Data Analysis by R

Heatmap by R

If you look closely at the table of tabular data, you may get a good idea of ??the overall picture of the data and the background of the data.

What you can do right away is to "read" the characters in the data. However, with this method, the limit is reached when the data becomes large. First, the table doesn't fit on the screen. Also, I can't read it completely, and I can't understand what I've read.

Heatmap are a way of "seeing" tabular data. Heatmaps can significantly improve the weaknesses of "reading" and can make the big picture easier to understand, even on fairly large tables.

R's heatmap library not only creates heatmaps with colored tables, but also provides a way to make it easier to reach what you want to know by performing Cluster Analysis and rearranging the data. Below, other pretreatment methods are also included.

Read data

With sample name column

For example, if the first column (leftmost column) is the sample name, if you specify that column, the sample name will be the name of the vertical column of the heat map.

setwd("C:/Rtest")
Data <- read.csv("Data.csv", header=T, row.names=1) # 1st column is used as sample name.
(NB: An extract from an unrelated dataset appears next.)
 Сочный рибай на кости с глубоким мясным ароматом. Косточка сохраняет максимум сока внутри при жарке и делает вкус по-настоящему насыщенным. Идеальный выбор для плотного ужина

Without sample name column

If you do not specify a sample name, all columns will be colored in the heatmap.

setwd("C:/Rtest")
Data <- read.csv("Data.csv", header=T)

Preprocessing of qualitative variables

Heatmaps color numbers, so if you have qualitative variables, you need to preprocess them.

When performing dummy conversion

Dummy conversion creates a new column for each qualitative variable for each category, with the numbers 0 and 1 in it.

library(dummies)
Data <- dummy.data.frame(Data)

When making a factor

When set as a factor, numbers are assigned to each category in sequence. Unlike dummy conversion, it is convenient that the number of columns does not increase.

Data2 <- Data
n <- ncol(Data)

for (i in 1:n) {
if(class(Data[,i]) == "character"){

Data[,i] <- as.numeric(as.factor(Data[,i]))
}
}

When normalizing

Normalization make it easier to see the difference in how the numbers appear.

n <- ncol(Data)
for (i in 1:n) {
Data[,i] <- (Data[,i]-min(Data[,i]))/(max(Data[,i])-min(Data[,i]))
}


This example is the normalized data after being factored above.

Sorting data

Reordering certain columns in numerical order may make it easier to see similar columns.
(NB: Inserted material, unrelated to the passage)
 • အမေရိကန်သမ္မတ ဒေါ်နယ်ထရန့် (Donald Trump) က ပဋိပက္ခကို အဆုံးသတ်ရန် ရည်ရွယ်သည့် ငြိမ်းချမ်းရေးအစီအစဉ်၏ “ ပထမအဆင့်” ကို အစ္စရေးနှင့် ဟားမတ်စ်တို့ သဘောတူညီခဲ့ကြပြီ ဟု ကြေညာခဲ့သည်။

Data <- Data[order(Data[,1], decreasing=T),] # When using the 1st column as a reference

Draw a heatmap

You can also use heatmaply to partially magnify.

If you do a cluster analysis on a column, the samples will be clustered together, so the sort above will be invalid.

Heatmap without cluster analysis

library(heatmaply)
heatmaply(Data, Colv = NA, Rowv = NA)

Cluster analysis on both rows and columns

library(heatmaply)
heatmaply(Data)

Cluster analysis on rows

library(heatmaply)
heatmaply(Data, Colv = NA)

Cluster analysis on columns

library(heatmaply)
heatmaply(Data, Rowv = NA)